━━ Records for this exercise ━━

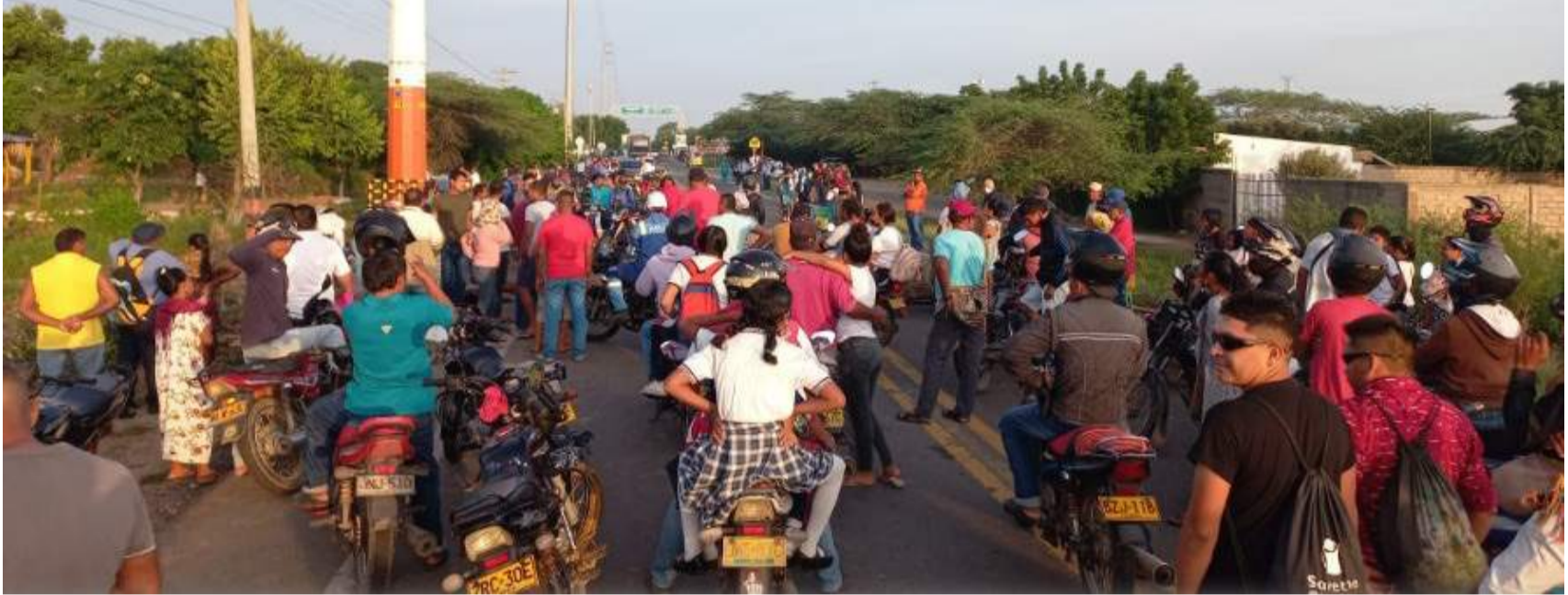
Colfecar hizo un llamado al Gobierno y autoridades locales para que tomen medidas que garanticen la libre movilidad.
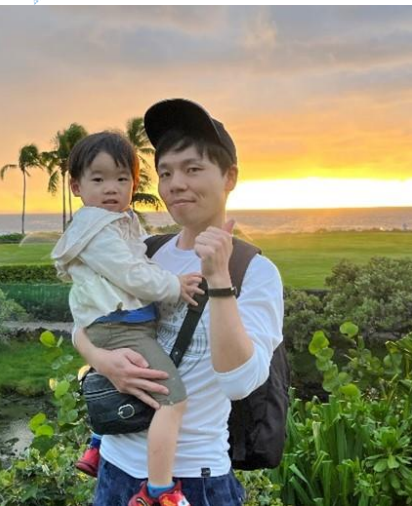
プレーヤーとしての野球と自重トレーニングが趣味。学生時代の専攻はデジタル系ではなく化学系。2児の父。

もちろん技術的な知識も必要となります。例えば、「インターネット上の誹謗中傷の投稿者を特定する手続きの流れについて説明してほしい」といった依頼を議員や秘書から受けることがあります。その際は、関連法令だけでなく、インターネットの仕組みも押さえておかなければなりません。私の場合、内閣サイバーセキュリティセンター(NISC)への出向によって情報通信技術への理解が深まり、この経験が今の業務にも活かしています。そうした背景知識や経験をも
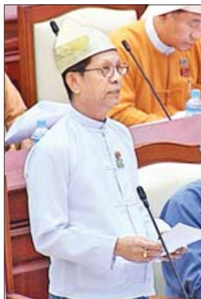
ဒုတိယဝန်ကြီး ဦးသာဦး
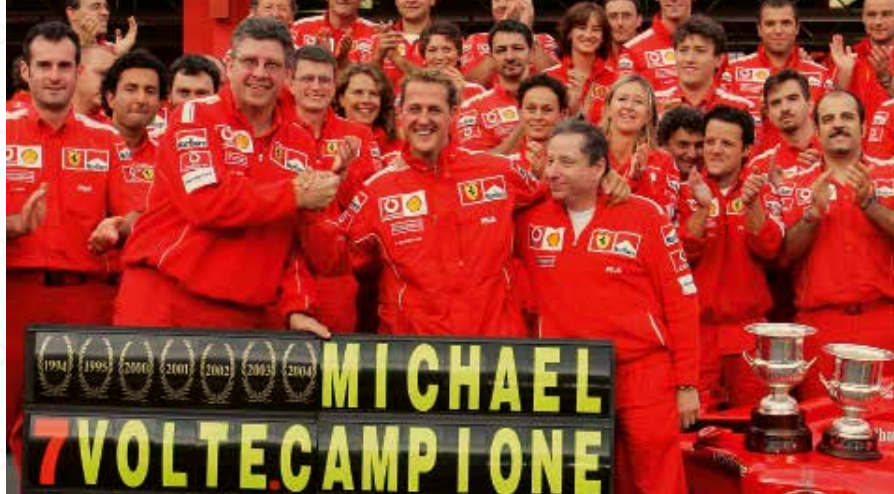
Boven Michael Schumacher domineerde de eerste helft van de jaren 2000 en won vijf wereldtitels op rij.
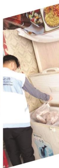
شهر بندر خمیر

بازدید مسئول واحد سلامت محیط و کار شبکه بهداشت و درمان بندر خمیر به همراه بازرسین دامپزشکی از رستورانهای سطح شهر بندر خمیر
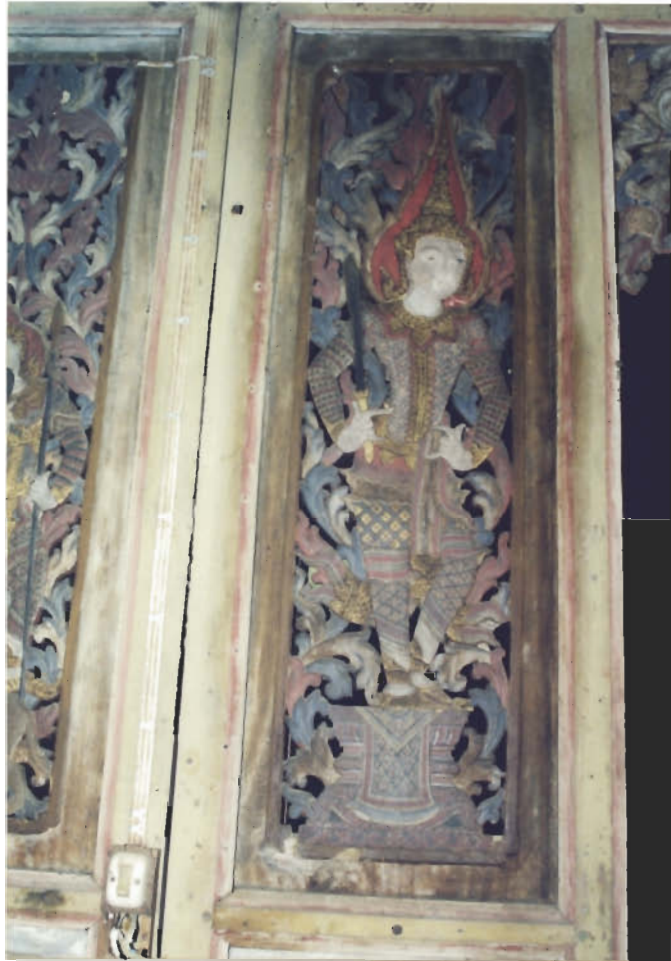
ไม้แกะเป็นรูปนาย ทวารบาล
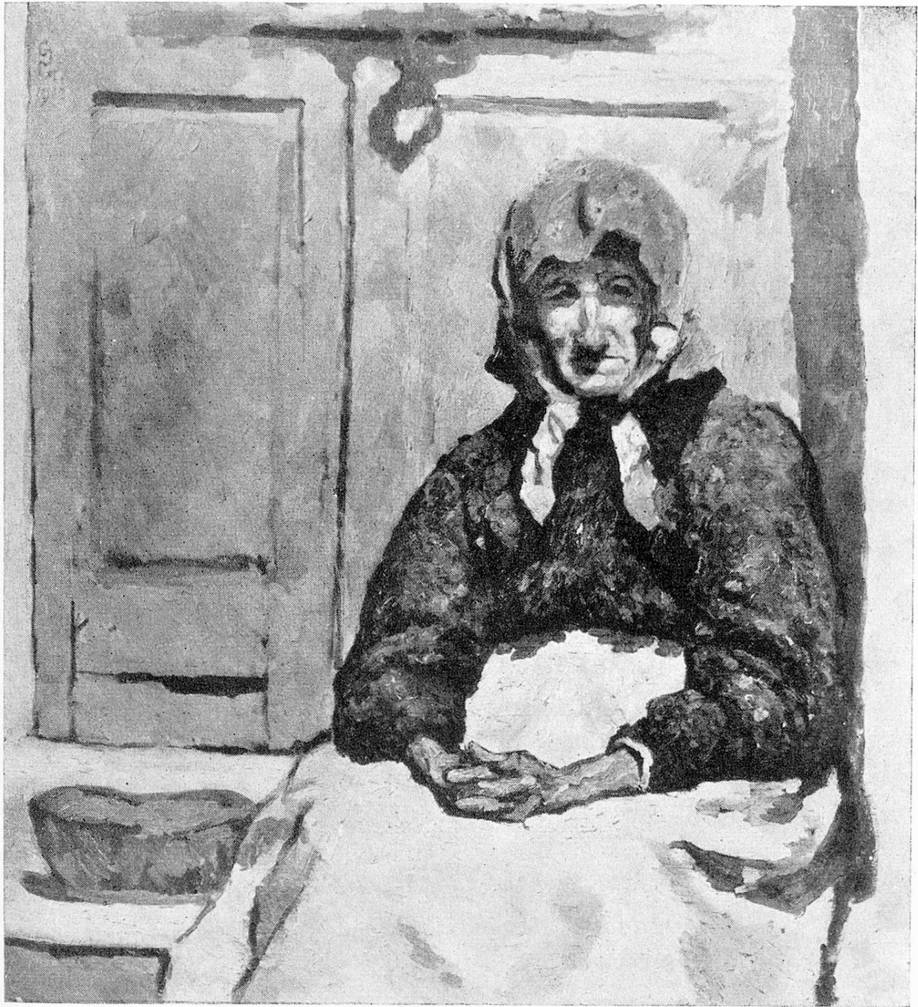
Giovanni Giacometti, Vecchia contadina della Val Bregaglia Alte Bergeller Bäuerin
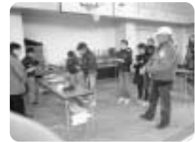
地区支えあい活動(昔遊び)
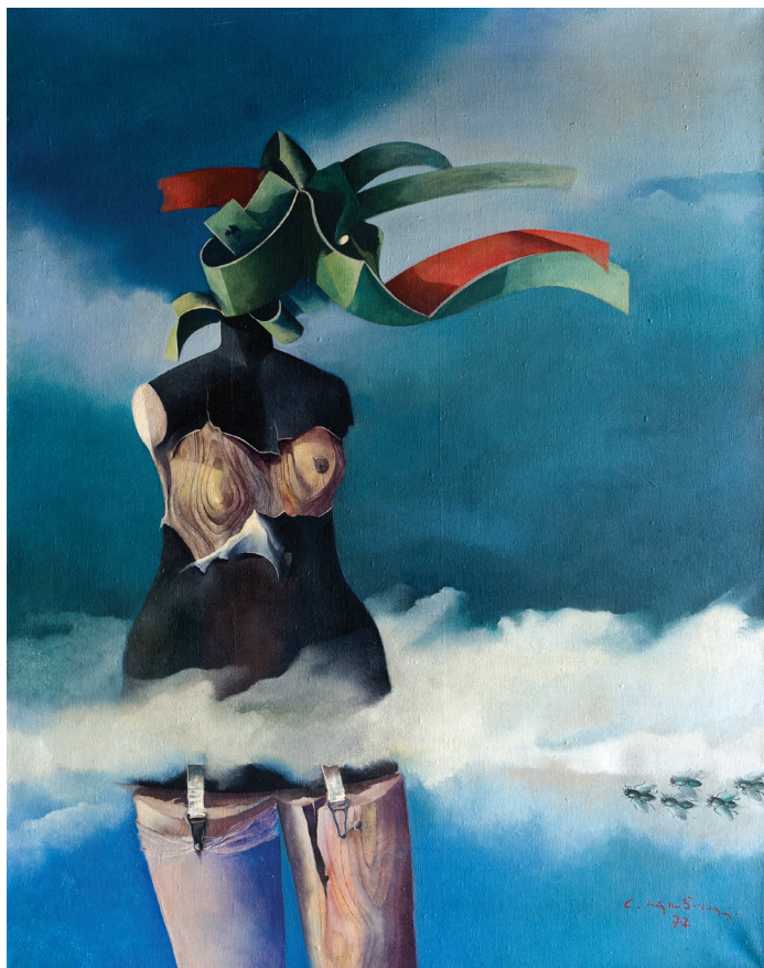
Залуден предизвик, 1977 Масло на платно, 76 x 100 Vain Challenge, 1977 Oil on canvas, 76 x 100
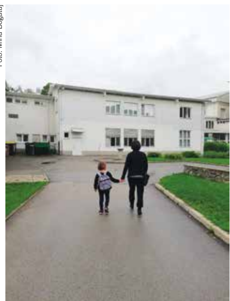
Prvi dan šole. (Slika je simbolna).
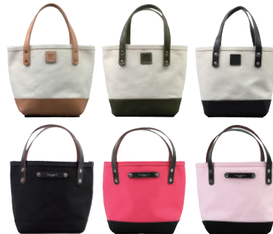
● COLOR ASSORTED

しっかりとした厚目の6号帆布を使用した、シンプルミニトートバッグ。付属革に牛革を使用しアクセントにしています。
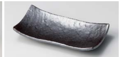
ホ127-137 赤銀彩焼物皿 20×10.5×3.5cm (60入・陶) 990円
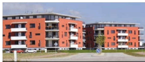
Prvá Penzijná spravuje aj veľmi úspešný realitný fond

„Výborné čísla, či už v podobe nárastu objemu majetku pod našou správou, nárastu počtu klientov a takmer dvojnásobného nárastu zisku,
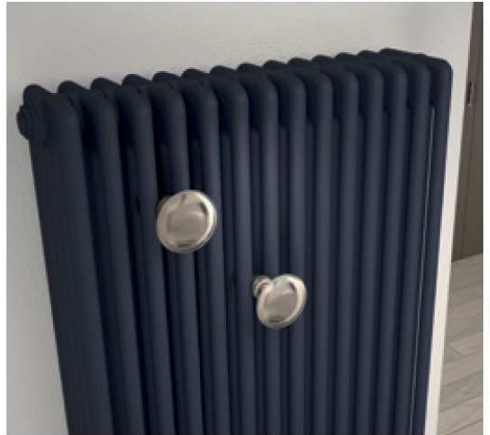
Radiatore Tesi 4, finitura Nero Opaco (cod. K1) Accessorio Hang Up Tondo 82, finitura Cromato (cod. 50)

Tesi 4 radiator, Opaque Black finished (cod. K1) Accessory Hang Up Tondo 82, Chrome-plated (cod. 50)
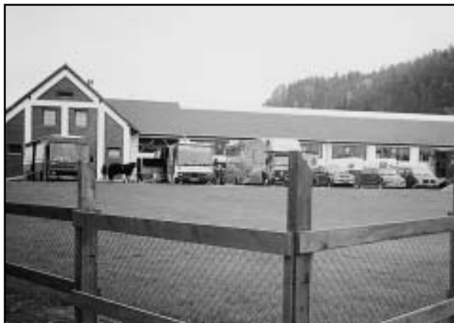
Zbrusu nový areál ve Všemilech má vše, co dokonalé jezdecké středisko potřebuje
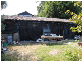
管理施設 材料置場 (後樂園)
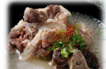
テールスープ 1,000円 (税込1,100円)
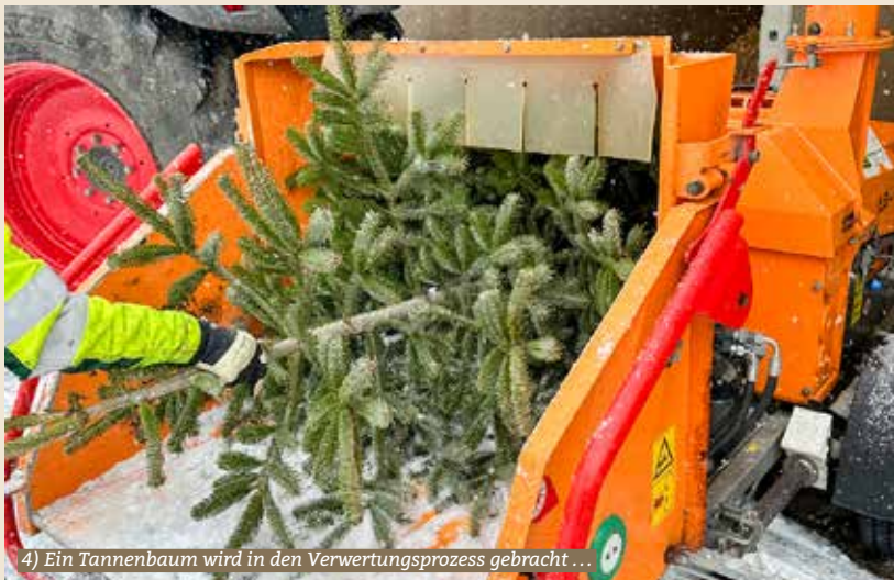
4) Ein Tannenbaum wird in den Verwertungsprozess gebracht...
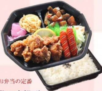
お弁当の定番 鶏の唐揚げ ¥510(税込¥550)
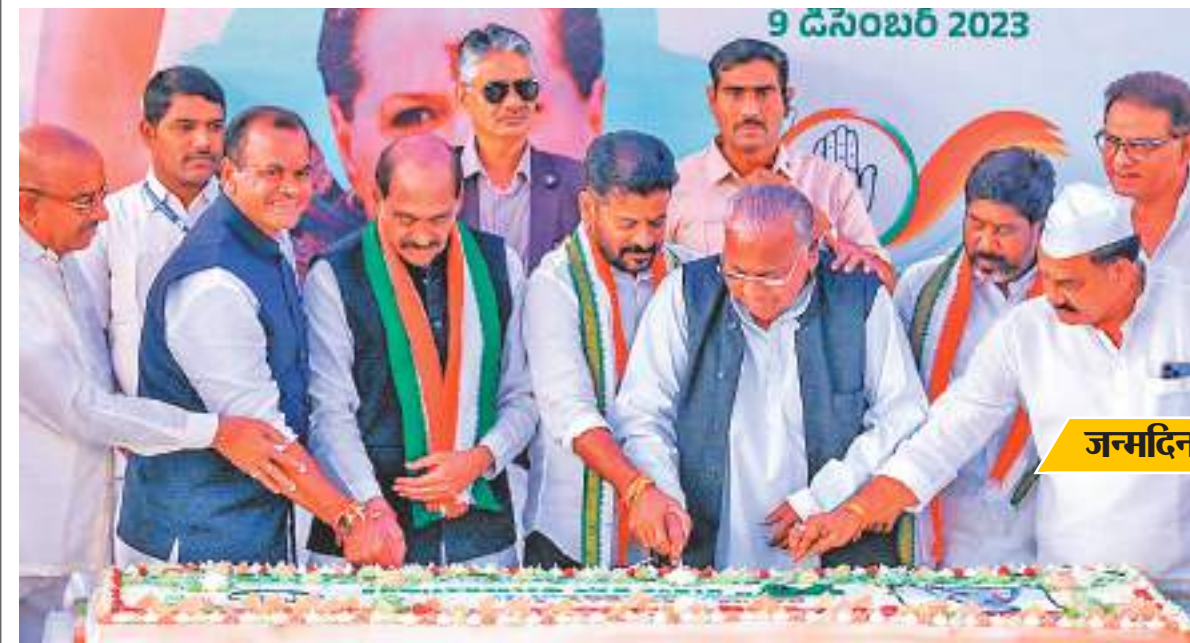
जन्मदिन की बधाई

हैदराबाद। हैदराबाद के गांधी भवन में शनिवार को पार्टी की नेता सोनिया गांधी के 77वें जन्मदिन पर आयोजित समारोह के दौरान कांग्रेस नेता माणिकराव ठाकरे और अन्य के साथ तेलंगाना के मुख्यमंत्री ए रवंत रेड्डी ने केक काटकर बधाई दी.
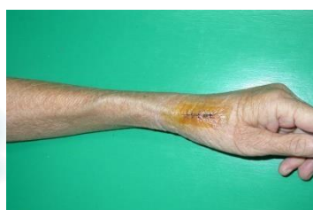
自體動靜脈瘻管 約1至3個月後血管才能成熟使用
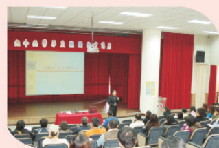
孩子未來競爭力如何，且聽親職教育專家精闢的分析與探討。

見職孝女月日活重 本學期的親職教育日活動，安排親子同歡、親職講座、藝文展覽、教學活動以及親子趣味競賽，並藉由親師生互動交流，增進親職教育效能。

━━━

• [Work instruction]:
From the line that holds "čísla, či už" to the last line of the data, return those lines exactly and nothing else; both ends count, and pictures stay out.

• [Reply to the task]:
„Výborné čísla, či už v podobe nárastu objemu majetku pod našou správou, nárastu počtu klientov a takmer dvojnásobného nárastu zisku,
Radiatore Tesi 4, finitura Nero Opaco (cod. K1) Accessorio Hang Up Tondo 82, finitura Cromato (cod. 50)

Tesi 4 radiator, Opaque Black finished (cod. K1) Accessory Hang Up Tondo 82, Chrome-plated (cod. 50)
Zbrusu nový areál ve Všemilech má vše, co dokonalé jezdecké středisko potřebuje
管理施設 材料置場 (後樂園)
テールスープ 1,000円 (税込1,100円)
4) Ein Tannenbaum wird in den Verwertungsprozess gebracht...
お弁当の定番 鶏の唐揚げ ¥510(税込¥550)
जन्मदिन की बधाई

हैदराबाद। हैदराबाद के गांधी भवन में शनिवार को पार्टी की नेता सोनिया गांधी के 77वें जन्मदिन पर आयोजित समारोह के दौरान कांग्रेस नेता माणिकराव ठाकरे और अन्य के साथ तेलंगाना के मुख्यमंत्री ए रवंत रेड्डी ने केक काटकर बधाई दी.
自體動靜脈瘻管 約1至3個月後血管才能成熟使用
孩子未來競爭力如何，且聽親職教育專家精闢的分析與探討。

見職孝女月日活重 本學期的親職教育日活動，安排親子同歡、親職講座、藝文展覽、教學活動以及親子趣味競賽，並藉由親師生互動交流，增進親職教育效能。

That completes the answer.